[Start of Attachment]
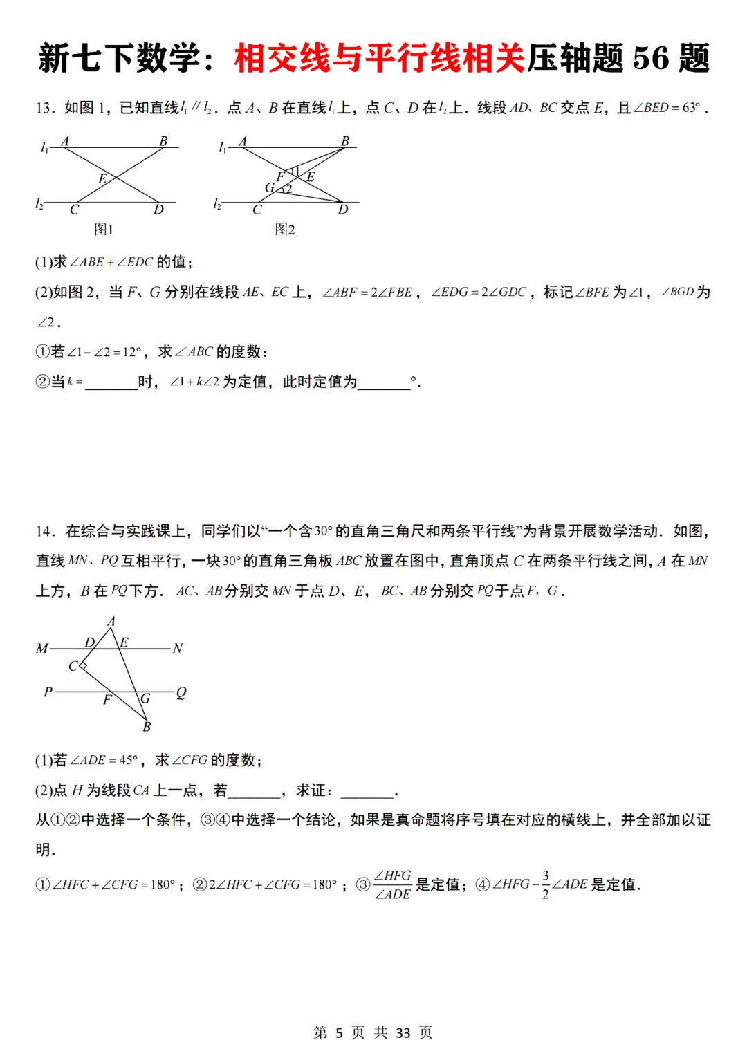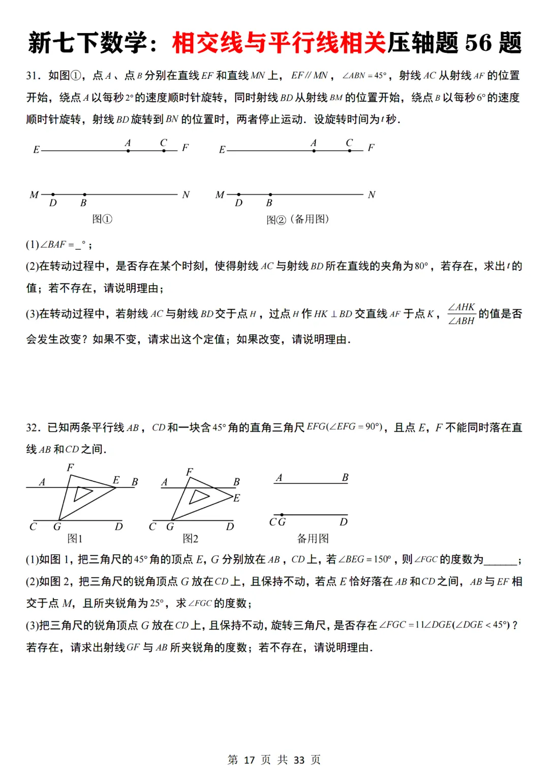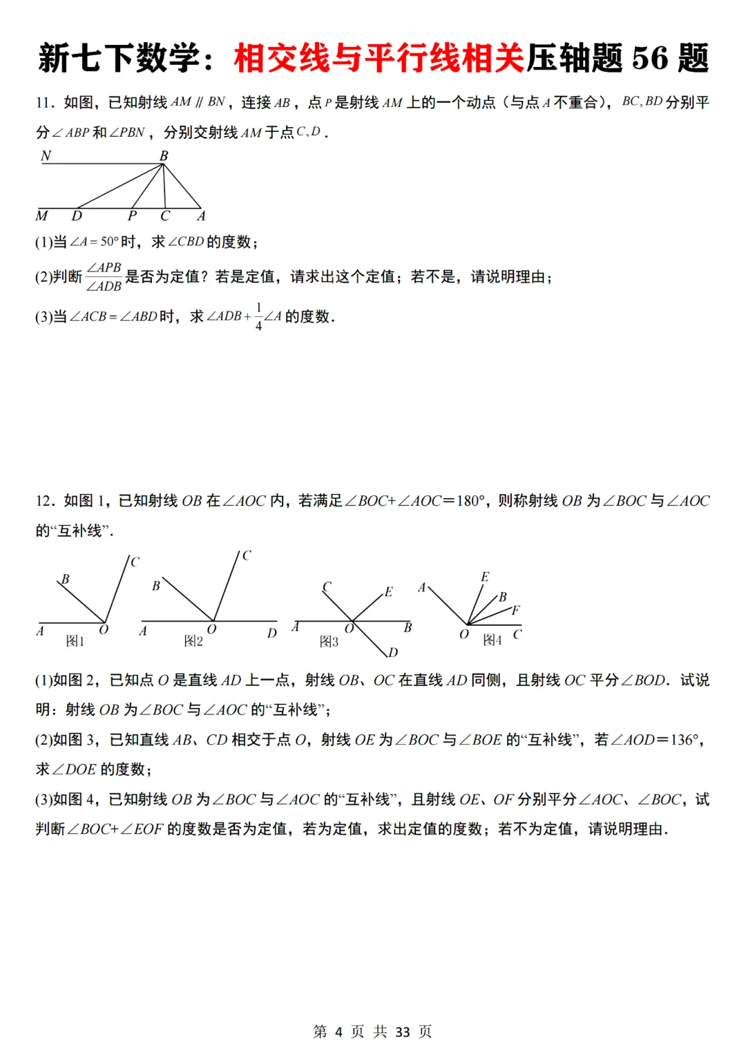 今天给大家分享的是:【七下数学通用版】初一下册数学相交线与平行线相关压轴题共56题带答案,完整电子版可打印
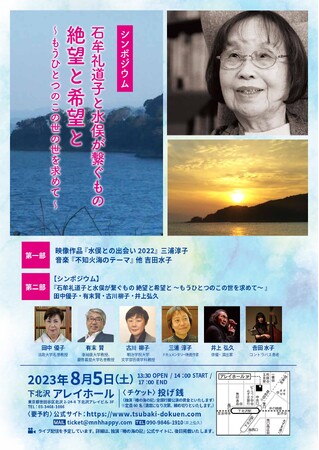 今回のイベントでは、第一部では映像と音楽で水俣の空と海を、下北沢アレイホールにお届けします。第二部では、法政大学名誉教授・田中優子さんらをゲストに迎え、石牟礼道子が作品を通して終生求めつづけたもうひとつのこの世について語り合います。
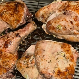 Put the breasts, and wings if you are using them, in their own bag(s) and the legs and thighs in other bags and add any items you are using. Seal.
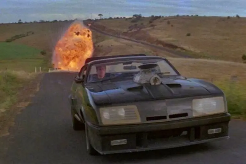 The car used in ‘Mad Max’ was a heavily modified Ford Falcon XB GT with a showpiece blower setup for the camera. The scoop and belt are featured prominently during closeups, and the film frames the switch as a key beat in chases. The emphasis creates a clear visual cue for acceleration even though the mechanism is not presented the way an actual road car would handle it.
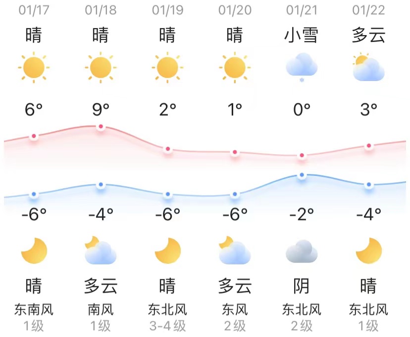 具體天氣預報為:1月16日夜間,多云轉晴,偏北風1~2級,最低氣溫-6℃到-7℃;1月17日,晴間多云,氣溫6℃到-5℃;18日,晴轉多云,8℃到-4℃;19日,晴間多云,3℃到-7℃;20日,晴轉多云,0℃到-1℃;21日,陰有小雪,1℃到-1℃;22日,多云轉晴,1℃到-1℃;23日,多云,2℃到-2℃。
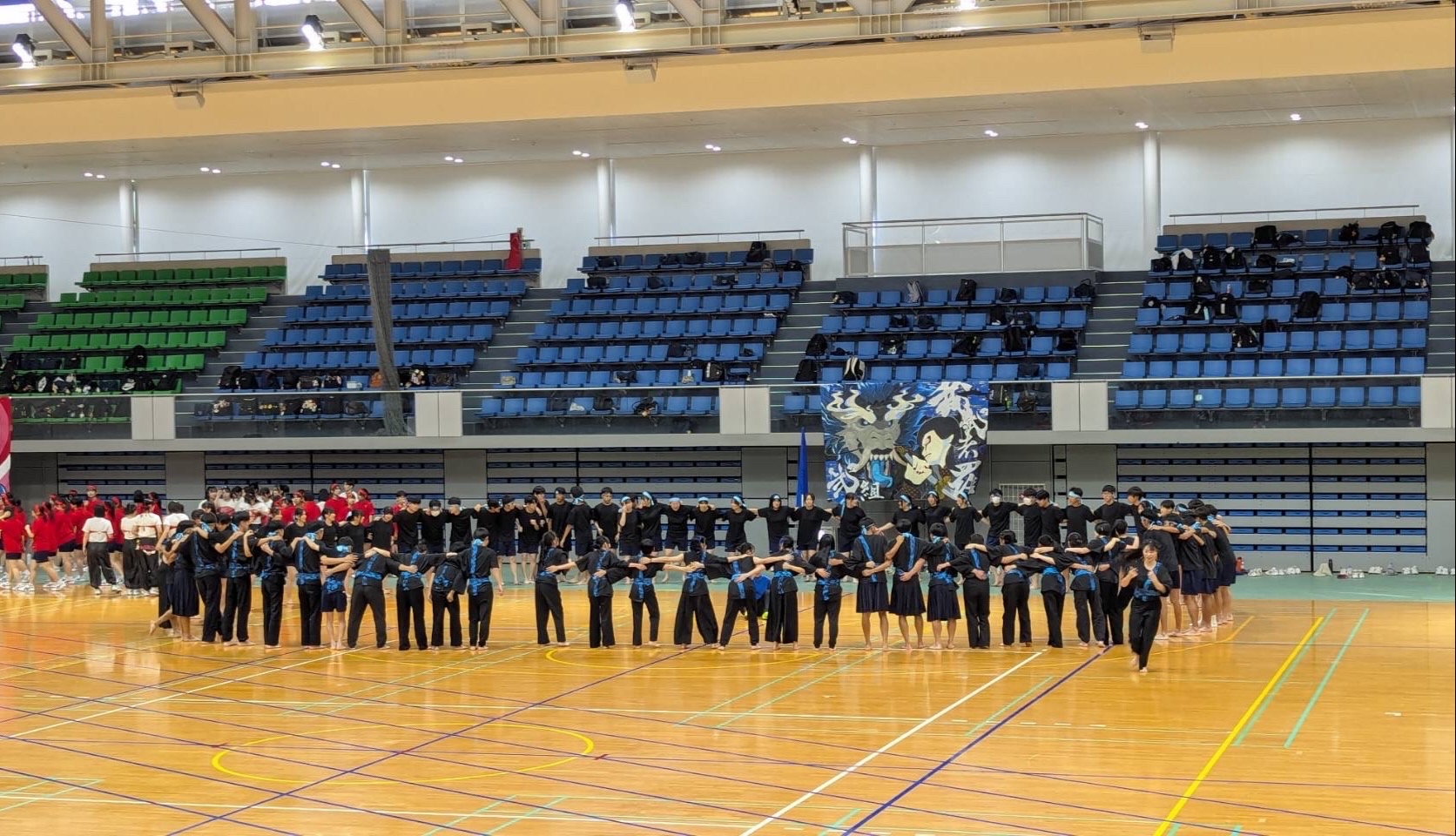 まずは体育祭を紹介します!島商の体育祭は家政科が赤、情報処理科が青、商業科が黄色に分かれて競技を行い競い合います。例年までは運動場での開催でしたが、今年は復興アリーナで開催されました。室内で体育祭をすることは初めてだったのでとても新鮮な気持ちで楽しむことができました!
[End of Attachment]
[Start of Attachment]
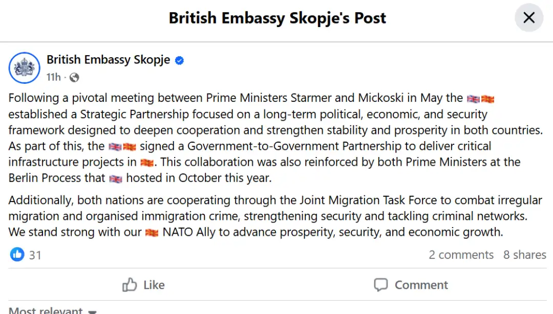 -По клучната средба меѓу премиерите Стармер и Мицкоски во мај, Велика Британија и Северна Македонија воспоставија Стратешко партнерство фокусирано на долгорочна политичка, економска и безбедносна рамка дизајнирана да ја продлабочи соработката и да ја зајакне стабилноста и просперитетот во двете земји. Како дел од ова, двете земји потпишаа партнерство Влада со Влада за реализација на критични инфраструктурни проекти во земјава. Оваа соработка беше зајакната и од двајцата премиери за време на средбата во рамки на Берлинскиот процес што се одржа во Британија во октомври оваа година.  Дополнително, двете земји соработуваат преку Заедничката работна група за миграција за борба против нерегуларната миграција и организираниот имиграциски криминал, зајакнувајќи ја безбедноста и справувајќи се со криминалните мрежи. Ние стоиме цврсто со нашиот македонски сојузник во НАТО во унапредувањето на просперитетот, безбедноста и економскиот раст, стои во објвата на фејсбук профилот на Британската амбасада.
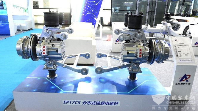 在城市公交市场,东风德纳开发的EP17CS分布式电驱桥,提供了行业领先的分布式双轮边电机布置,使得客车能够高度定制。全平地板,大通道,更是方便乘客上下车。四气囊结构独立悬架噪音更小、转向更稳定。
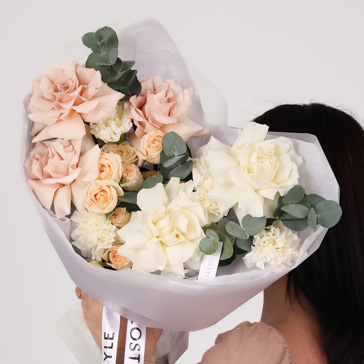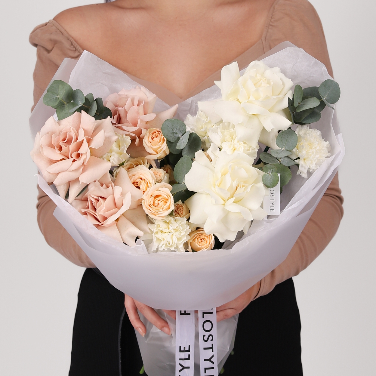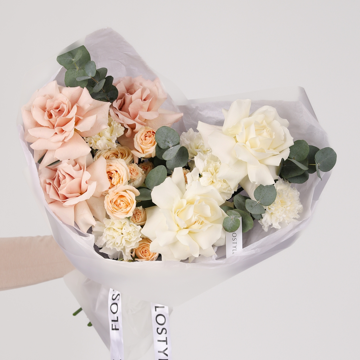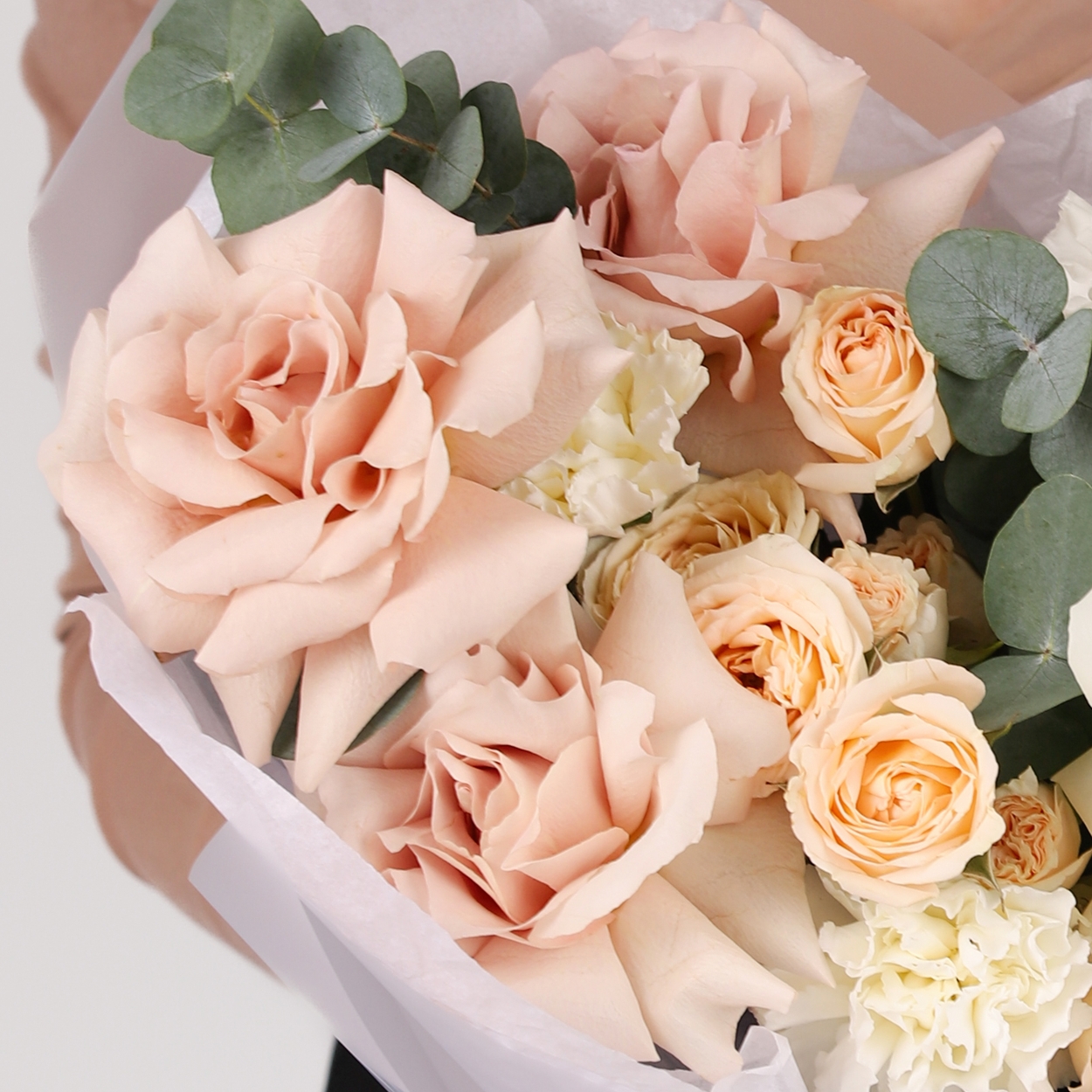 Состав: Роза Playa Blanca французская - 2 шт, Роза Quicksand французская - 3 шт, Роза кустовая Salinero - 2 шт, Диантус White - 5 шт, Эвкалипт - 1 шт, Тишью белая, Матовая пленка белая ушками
[End of Attachment]
* [Your instructions] Beginning with the line above that contains "今天给大家分享的是:【七下数" and finishing with the line that contains "Put the breasts, and", print those lines exactly and only. Skip all pictures.

* [Answer box]
 今天给大家分享的是:【七下数学通用版】初一下册数学相交线与平行线相关压轴题共56题带答案,完整电子版可打印
 今回のイベントでは、第一部では映像と音楽で水俣の空と海を、下北沢アレイホールにお届けします。第二部では、法政大学名誉教授・田中優子さんらをゲストに迎え、石牟礼道子が作品を通して終生求めつづけたもうひとつのこの世について語り合います。
 Put the breasts, and wings if you are using them, in their own bag(s) and the legs and thighs in other bags and add any items you are using. Seal.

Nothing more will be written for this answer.